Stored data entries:
╔══

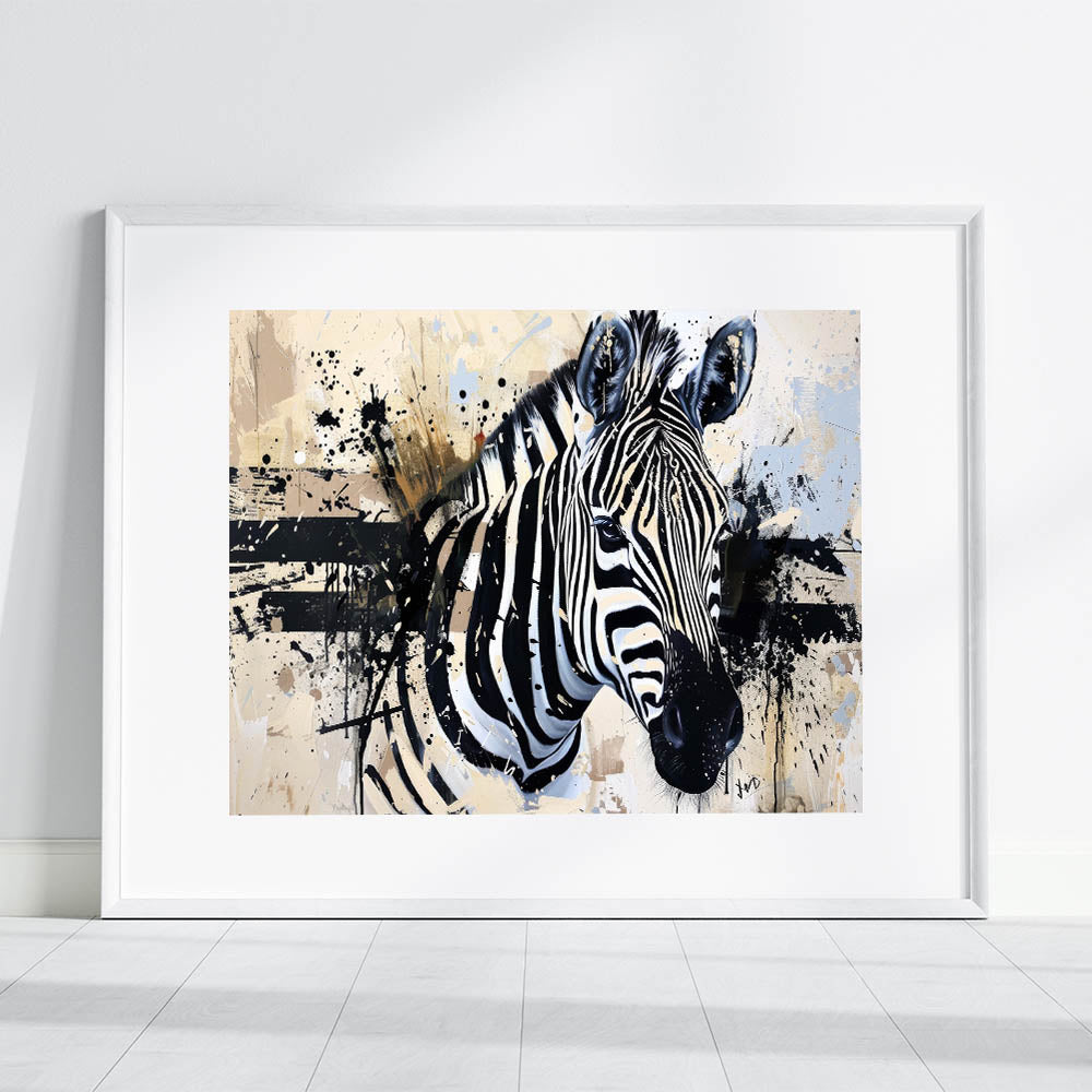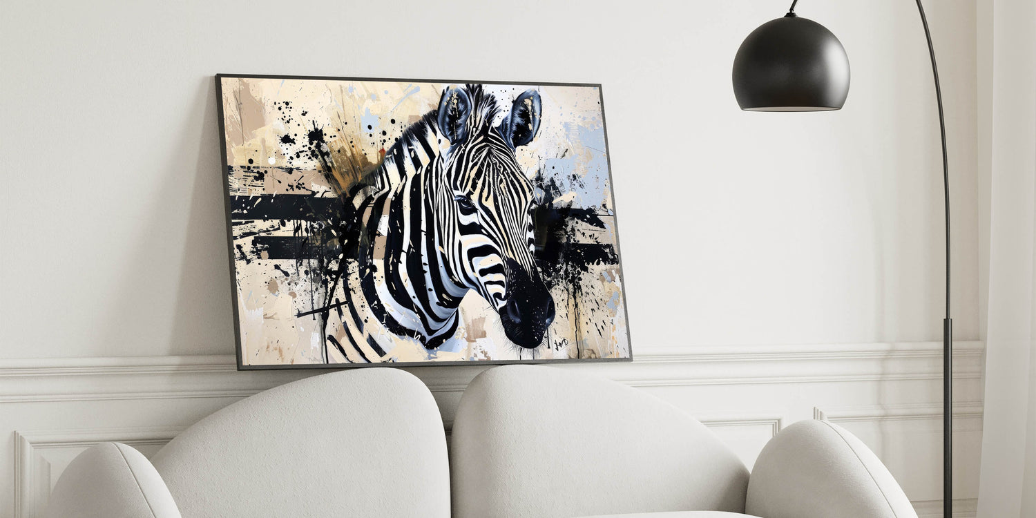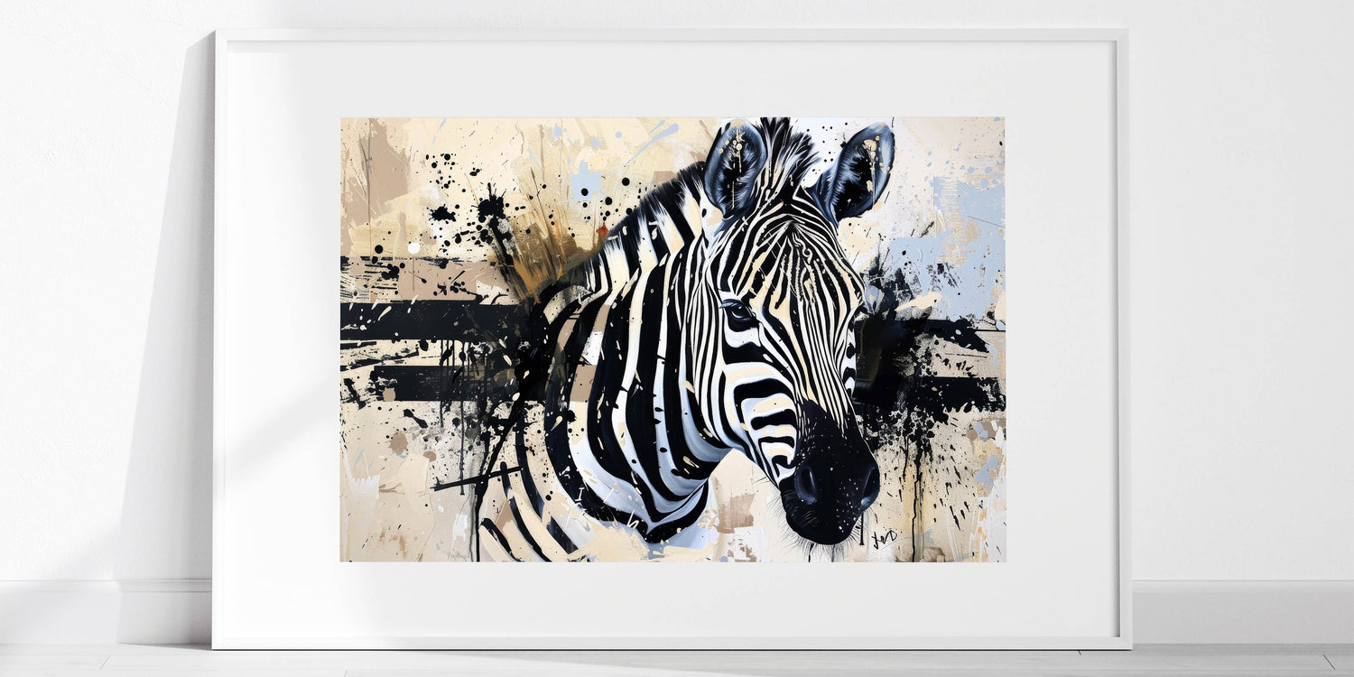 Elevate your space with the raw energy of this Abstract Zebra wall art, where bold textures and dynamic brushstrokes merge to create a striking visual experience. The mix of earthy tones and contrasting black and white stripes offers a unique and contemporary take on the classic zebra imagery. This piece is ideal for those who appreciate the fusion of wildlife and abstract art, making it a perfect addition to modern, industrial, or eclectic interiors. Available in various formats such as Stretched Canvas, Framed Canvas, Acrylic Glass, Framed Acrylic Glass, Framed Print, Rolled Canvas, and Rolled Print, this artwork is as versatile as it is captivating.
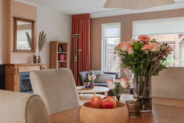 Ruime en brede tuingerichte living waar de lichte Lamett vloer vanuit de hal is doorgelegd. De wanden zijn behangen, er is een praktische trapkast. In een houten ombouw zit een elektrisch sierkacheltje en de living wordt verwarmd door heteluchtverwarming dus geen stoffige radiatoren! Het zijraam kan open voor de natuurlijke ventilatie en dat kan natuurlijk ook door de tuindeur met hor op een kiertje te zetten.
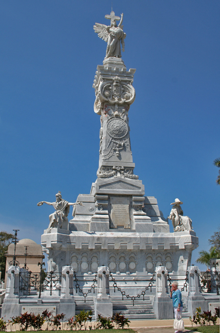 Comment: This magnificent funerary monument and tomb (Las Víctimas de la Caridad) is dedicated "A los cuerpos de bomberos" (to the companies of firemen). Citizens of Havana raised the funds to construct this monument with all its sculptures because a number of firemen from various fire companies died while heroically fighting a fire in the Isasí hardware store in 1890. The monument and the scupture on the top, which is the tallest in the entire cementery, was designed by the Spanish architects Julio Zapata and Agustín Querol.
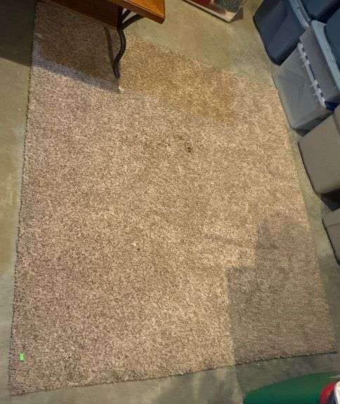 Rectangular beige area rug measuring 69”x72”. White underside with stitched edging intact.
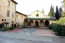 San Vivaldo Monastery is a Roman Catholic convent, church, and sanctuary complex located outside of the town of Montaione, region of Tuscany, Italy. The eighteen distinct chapels on this hill, putatively corresponding to sites of the Holy Land, and containing vivid polychrome statuary groupings recalling events of the New Testament, specially the Passion of Jesus, are one of the few examples of the Sacri Monti complexes in Tuscany. Sacri Monti are more characteristic expressions of veneration in the Piedmont and Lombardy. The convent still houses the franciscan order.

╚══

# Task details
Set down word for word the lines above from the one with "Comment: This magnificent" up to and including the one with "Rectangular beige area". Omit every picture.

# Answer section
 Comment: This magnificent funerary monument and tomb (Las Víctimas de la Caridad) is dedicated "A los cuerpos de bomberos" (to the companies of firemen). Citizens of Havana raised the funds to construct this monument with all its sculptures because a number of firemen from various fire companies died while heroically fighting a fire in the Isasí hardware store in 1890. The monument and the scupture on the top, which is the tallest in the entire cementery, was designed by the Spanish architects Julio Zapata and Agustín Querol.
 Rectangular beige area rug measuring 69”x72”. White underside with stitched edging intact.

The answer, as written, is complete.